Sometimes, I have to plan presentations for user meetings or organise inhouse seminars. I am/have been on committees for both the Scottish and UK Flow Cytometry Societies. These provide an interesting contrast to my daily workload and are important for expanding my personal career development.
All in all, my days tend to be quite unique and best of all I never have to clock-watch.
What I'd do with the prize money
Showcase Core facility Careers
Our lab is often a calling point during building tours – from school pupils to charity sponsors, politicians to HRHs. It’s an interesting stop because of the impressive equipment and the colourful data. Plus lasers are always a talking point. Core facilities are usually run by technical staff and it is an interesting and accessible career. However, although most core facilities are open to public engagement, it is often difficult to convey a deeper understanding of the technology and their purpose within research projects. I would like to work with the core facilities (flow cytometry, genomics, mass spectrometry, microscopy etc) in our institute/college to improve our ability to do this by introducing this to local schools and show this career possibility which has grown dramatically in recent years.

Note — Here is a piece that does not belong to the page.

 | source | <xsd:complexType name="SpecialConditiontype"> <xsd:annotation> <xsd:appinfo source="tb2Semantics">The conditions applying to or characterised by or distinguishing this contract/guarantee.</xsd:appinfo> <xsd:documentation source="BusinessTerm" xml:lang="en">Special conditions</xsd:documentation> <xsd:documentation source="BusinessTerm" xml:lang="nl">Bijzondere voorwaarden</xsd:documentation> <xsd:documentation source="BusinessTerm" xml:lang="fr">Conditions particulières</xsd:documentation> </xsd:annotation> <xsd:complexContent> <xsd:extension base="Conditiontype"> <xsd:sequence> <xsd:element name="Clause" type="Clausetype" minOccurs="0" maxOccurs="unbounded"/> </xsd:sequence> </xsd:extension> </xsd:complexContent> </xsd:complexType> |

The average number of facility staff in core facilities in 1999 was 1 and now it is 4 and still growing. I would use the prize money to create fun demo equipment and develop workshops for this purpose.
How would you describe yourself in 3 words?

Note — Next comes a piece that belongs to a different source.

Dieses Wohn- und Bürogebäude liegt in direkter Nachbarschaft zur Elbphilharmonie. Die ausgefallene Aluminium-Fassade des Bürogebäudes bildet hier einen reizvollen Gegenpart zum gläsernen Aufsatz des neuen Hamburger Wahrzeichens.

Calm, Logical and Determined
What or who inspired you to follow your career?
In P7, a high school science teacher brought a van de graff generator to my class. I thought it was the coolest (this was the 80s) thing ever. This was the start of my interest in science.
What was your favourite subject at school?
At school, I loved chemistry. I enjoyed watching/setting up chemical reactions. I never wanted to be desk-bound.
What did you want to be after you left school?
I always wanted to work in science but always thought you had to choose between biology, chemistry or physics. I had no idea I’d end up in a job that uses all 3.
Were you ever in trouble at school?
I was often sent out of Monday morning double French for talking too much (and not actually using French).
If you weren't doing this job, what would you choose instead?
I'd like to be an artist - or anything that involves lots of colour.
Who is your favourite singer or band?
I don't have a favourite but I do like American pop punk bands like Green Day and Good Charlotte. I also like Scottish bands Primal Scream and Twin Atlantic. My favourite song is Just a Day by Feeder.
What's your favourite food?
I love Thai food best when eating out but I enjoy cooking Spanish food especially churros and hot chocolate.
What is the most fun thing you've done?
White-water rafting after a hurricane in Virginia, US.
If you had 3 wishes for yourself what would they be? - be honest!
To be taller, more confident and richer.
Tell us a joke.
I'm useless at remembering jokes and even worse at telling them.